There is in the new works the refusal to make (what could handled badly result dangerously close to) landscape or any scape at all.

Unfortunately, the prevailing ideology of reading an image means much of all this gets missed at first viewing, or altogether, in an ideological(ly understandable) operation which “reads” all cultural work within dominant forms and formulations, attempting to deny (through conscious suppression or unconscious regression) any radical process, any determined difficulty or struggle produced by the works’ dialectic processes.

This is all in all painting which persists with the danger of ambiguity; also with the danger of falling to one side, or the other, of the symbolic (Lacanian or not). The Passions no. 6, Copper Glance, Rue and Cardinal (all works of 1984) produce (from that problematic) works of rare and difficult beauty in their complex and contradictory power.

London, Aug/Sept. 1984 © Peter Gidal


  1. Lunacharsky (Lenin’s cultural commissar) on Wagner: “However, Wagner’s music is not simply organized sound. Nietzsche reproached Wagner for being in all actuality not a musician but a mime, a man of the theatre (the use of histrionics). Yet we must delve deeper. An understanding of Wagner from a socialist point of view is a very intricate affair… the positive and negative are closely intertwined…”
    Always again the necessary death of art, the nihlism of the late 20th century dis-illusion, and the passion and texture of productive intensity… those are the contradictory modes of which none alone will produce the necessary struggles for change. Yet without hopelessness at its base nothing but illusion upon illusion.
    “Wagner’s abstraction that encompasses the concrete…”, that would enable “revolutionary passions…”
    Lunarcharsky, “Richard Wagner” (1933) in On Literature and Art, p.283, Moscow 1973 

  2. Oulton’s love for Titian and her interpretation of his attempted presentation of identified male self-loathing, an anti-male polemic by a male painter, formulated largely by the handling, Titian’s paint-use, can be theoretically disinterred
    and connected to some of the “formal” questions that relate to her work. We know the impetus of much culture is a deeply negative and positive imbrication in (and possible radical break from) history, precursors. (!)  

  3. “It is absurd to oppose polemic to theory for one very simple reason: no new idea appears in a void”. Christine Delphy, “A Materialist Feminism is Possible” (1980) in Feminist Review nr. 4, and in Delphy’s, Close to Home, A Materialist Analysis of Women’s Oppression, (Hutchinson, 1984, paperback).  

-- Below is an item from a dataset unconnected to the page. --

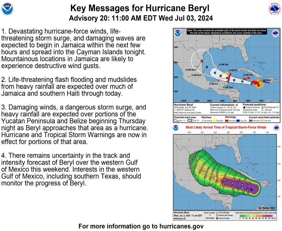 The National Oceanic and Atmospheric Administration's (NOAA) National Hurricane Center (NHC) downgraded Hurricane Beryl to a Category 4 storm from a Category 5 on the Saffir-Simpson Hurricane Wind Scale on Wednesday morning. Beryl is the earliest hurricane on record to strengthen into a Category 5 as it churns across the southeastern Caribbean Sea. It is forecasted to hit the Yucatán Peninsula on Friday and afterward poses a threat to US oil and energy critical infrastructure on the Gulf Coast.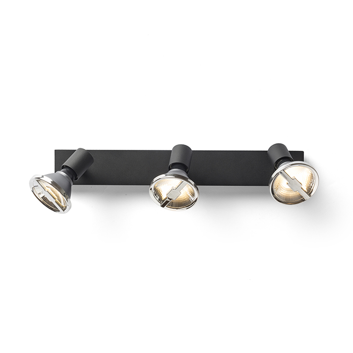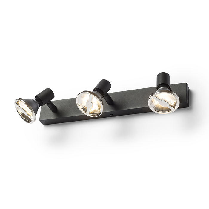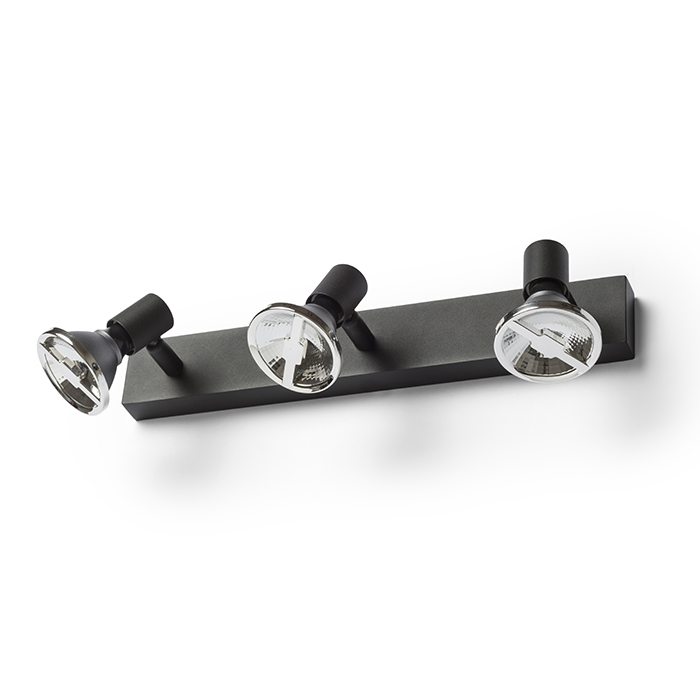 Egyszerű, hármas fém spotlámpa, falba vagy mennyezetbe való könnyű elhelyezéshez. GU10 design reflektoros izzóhoz.

  4. These (Oulton’s) refusals, it must be stressed, take place importantly without a reversion to a reductive and simplistic capitalist modernism which I would define as unquestioned perspectival centrality in relation to the “towards flatness” paintings of Noland, Morris, Olitski, mid-period Stella, or to the (frequent) wholistics of Rothko, Newman, much Pollock, etc: objects of endless imaginary narrativization. These are distinguishable from the Soviet-based modernism of Rozanova, Popova, Stepanova, Delaunay, Malevich, Lissitsky, Kandinsky. Though each painting must be taken as a separate, specific, material process, not covered by some overall authorial or intentional “truth” (fallacy), I am for the sake of polemic here adumbrating certain artists’ “names” to in fact signify a multitude of paintings whose differences are falsely homogenized by bourgeois criticism. A materialist critique has to take each work as separate function, use, position, meaning. The muddled concepts of “flatness” and “modernism” misapprehended much work including early Stella and Warhol, not to mention Cezanne and Mondrian, in an antimaterialist, undialectical form.